The other member of the Two Party Club, the Socialist Party, also felt a voter backlash and lost 1.5 million votes and 19 seats. While it remains the second largest party in Spain, Podemos is now snapping at its heels. It has also suffered a heavy body blow.

if it hopes to form a coalition, it will have to accommodate the left wing and anti-austerity policies of Podemos. Given the Socialist Party's support for the neoliberal orthodoxy, that also looks difficult.

It has been a remarkable rise by a political party that has emerged out of a widespread disenchantment with 'politics as usual'. Podemos, which has consistently denounced the policies and activities of the old parties and institutions, was immediately popular with a Spanish electorate that was seeking a political voice that articulated its concerns and supported its struggles. Leader Pablo Iglesias has always been insistent that political movements are not enough and that a party must be built and established to secure political power.

While  Pablo Iglesias recognises that social democracy is largely a spent political force, he has also been critical of what can be loosely described as the old European left - and the left in general. He believes that the left has become too insular, largely talking to itself and failing to connect with wider society. In the view of Iglesias, Podemos has had to “expand narratives and practices to include the part of the population that is still missing” from Spanish political life.
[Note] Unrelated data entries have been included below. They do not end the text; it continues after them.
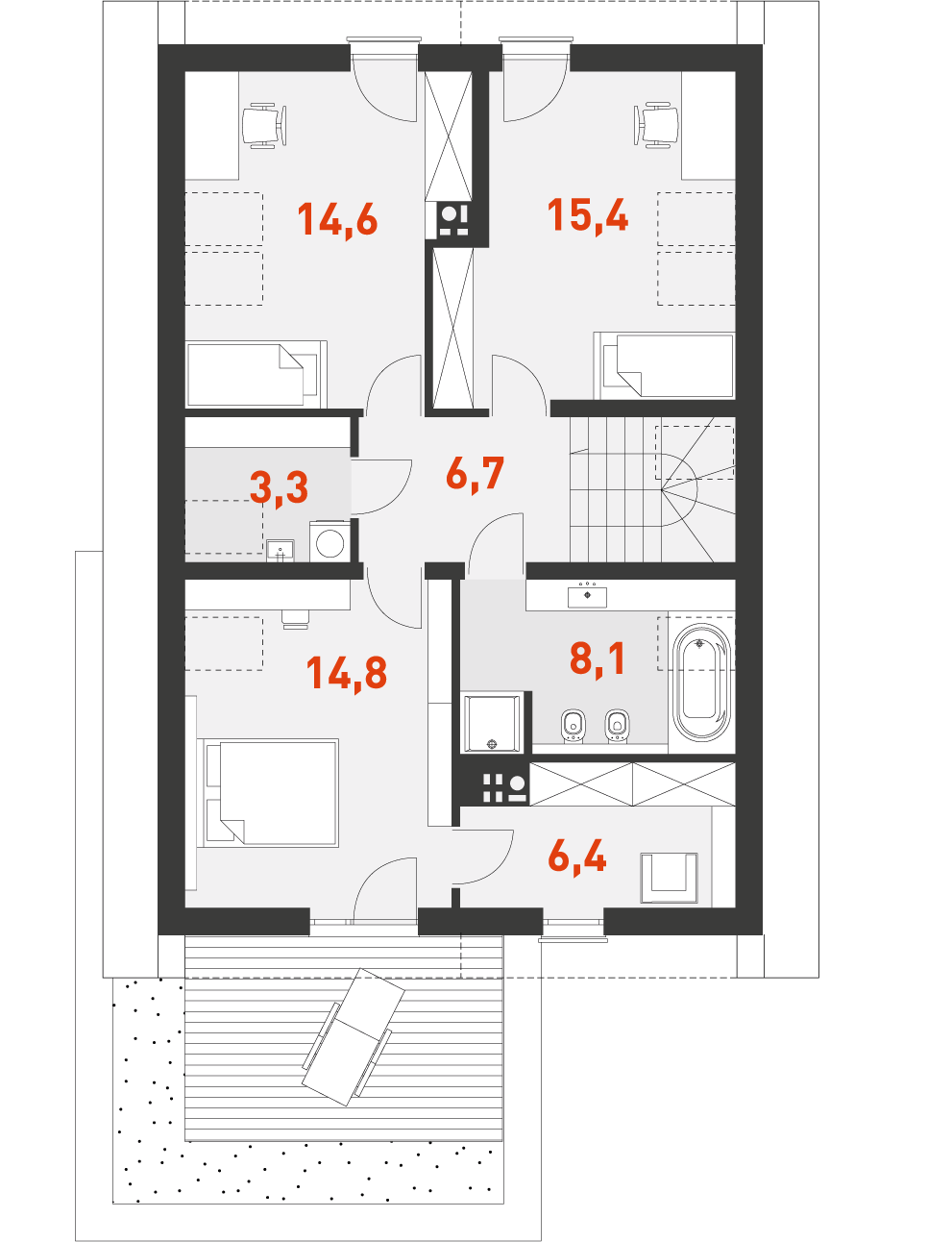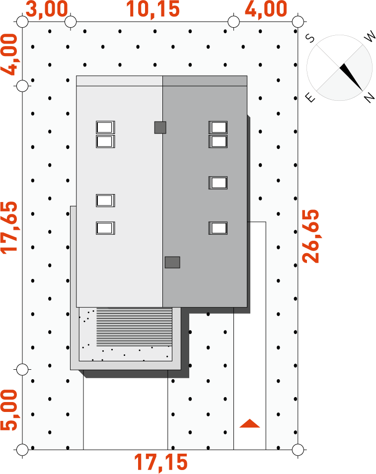 Konstrukcja: zgodna z normami EUROKOD. Fundamenty: tradycyjne ławy i stopy żelbetowe. Ściany: bloczek silikatowy + styropian na etapie adaptacji projektu istnieje możliwość zamiany bloczka silikatowego na inny materiał o podobnych parametrach wytrzymałosciowych, np. na pustak ceramiczny. Elewacja: tynk, płyta elewacyjna z włóknocementu płytę elewacyjną z włóknocementu wykorzystaną jako materiał dekoracyjny można zamienić na etapie adaptacji projektu na inny, np. na deskę elewacyjną. Stropy: żelbetowe wylewane na etapie adaptacji projektu istnieje możliwość zmiany technologii stropu na gęstożebrowy lub prefabrykowany. Schody: konstrukcji lekkiej konstrukcja oraz materiały wykończeniowe schodów przewidziane do indywidualnej aranżacji. Możesz skorzystać z usług naszego Partnera. Formularz ofertowy dostępny w zakładce „kosztorys”. Dach: dachówka ceramiczna lub cementowa konstrukcja więźby przewidziana pod pokrycie ciężkie dla I strefy wiatrowej i II strefy śniegowej.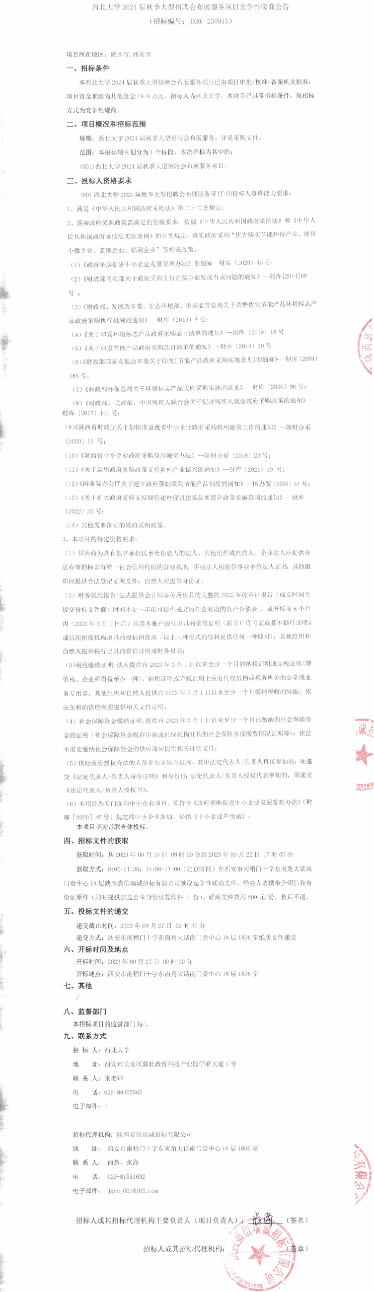 西北大学2024届秋季大型招聘会布展服务项目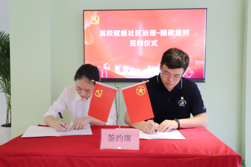 在高校赋能社区治理-团建结对签约仪式上,佘山镇团委书记杨蕾、刑事司法学院团委书记盛思涵签署协议,表示将结合双方发展目标,坚持院地共建、资源共享,实现共同进步。
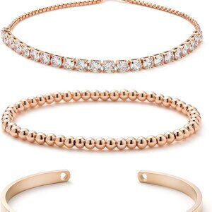 Features: A stunning set of three gold-plated bracelets including shiny cubic zirconia tennis bracelet, a sleek cuff, and a sweet copper beaded chain. Each piece shines with a premium-quality stone and a smooth, comfortable fit. The tennis bracelet features 22 Zircons with a 'Hearts and Arrows' cut, providing maximum dazzle. The bracelets are lightweight yet sturdy, with an easy-to-adjust sliding buckle to fit wrists from 6 to 8.5 inches.

One of his supporters has put it this way: “We understood that the codes of the left, the symbols, weren’t enough to construct an alternative political instrument to change this country. The left was very limited in this sense, and that’s exactly where our adversary wants us. Our adversary was very content to say, ‘You’re the left,’ and to tell people ‘Don’t engage, they’re just like always.’ But we were saying there were shared pains, shared indignations across all of society, that includes many more people than just the traditional left.”

Teresa Rodriguez, a Podemos member of the European Parliament, explains it so:

Teresa Rodriguez: Moving from political resistance to political change.
"So what we have to do in Podemos is move a step forward, and go on the offensive, move from resistance to political change, we have to get rid of those in political institutions who are causing us to be on the streets resisting all the time...We have been able to convince many people who didn’t have a clear ideological identity, around proposals for breaking with the existing order, and that’s what worries the old order, and we will continue to work on that discourse."

That's something worth reflecting on by the New Zealand left although its doubtful that such reflections will take place, at least in the short term. As ever, the Labour Party remains the obstacle in the way of developing a new politics in this country.

Despite the Labour Party's continued commitment to the neoliberal orthodoxy, much of what constitutes the New Zealand left remains, despite the bluster and protestations, mired in its support for Labour. However it critical it might be of Labour between elections, it meekly falls in behind the party at election time. In 2017 it will again call for a vote for Labour as 'preferable' to National, just as it did in 2014.

Despite the fact that there is massive disillusionment with 'politics as usual' to the extent that nearly a million people don't bother to vote anymore, the left has little to offer but more of the same. It has largely failed to learn anything from Labour's collapse in 2014 and is even prepared to accommodate leader Andrew Little moving the party further to the right. While they might try to defend Labour in the union offices and in the blogosphere, it is the kind of political disconnect that Pablo Iglesias has talked about and which Podemos has strategised against. Its attack on the political establishment implicitly rejects 'politics as usual.' It's no coincidence that the Spanish people call Podemos La Nueva PolĂ­tica, or “New Politics.”

Throughout the world, more and more people are losing faith in the traditional parties whose claims that they represent the interests of ordinary people sound increasingly shrill and hollow. There are turning to new political forces and to new faces - like Podemos in Spain, Left Bloc in Portugal, Jeremy Corbyn in the UK and Bernie Sanders in the United States.

Until the New Zealand left begins to bridge the political disconnect with the very people it claims to represent and starts to think of a new politics beyond the politically bankrupt Labour Party, then the chances of our own Podemos emerging will remain remote. If the 'new face' of New Zealand politics is a right wing former union official called Andrew Little then the New Zealand left will remain stuck deep in the mire of 'politics as usual'.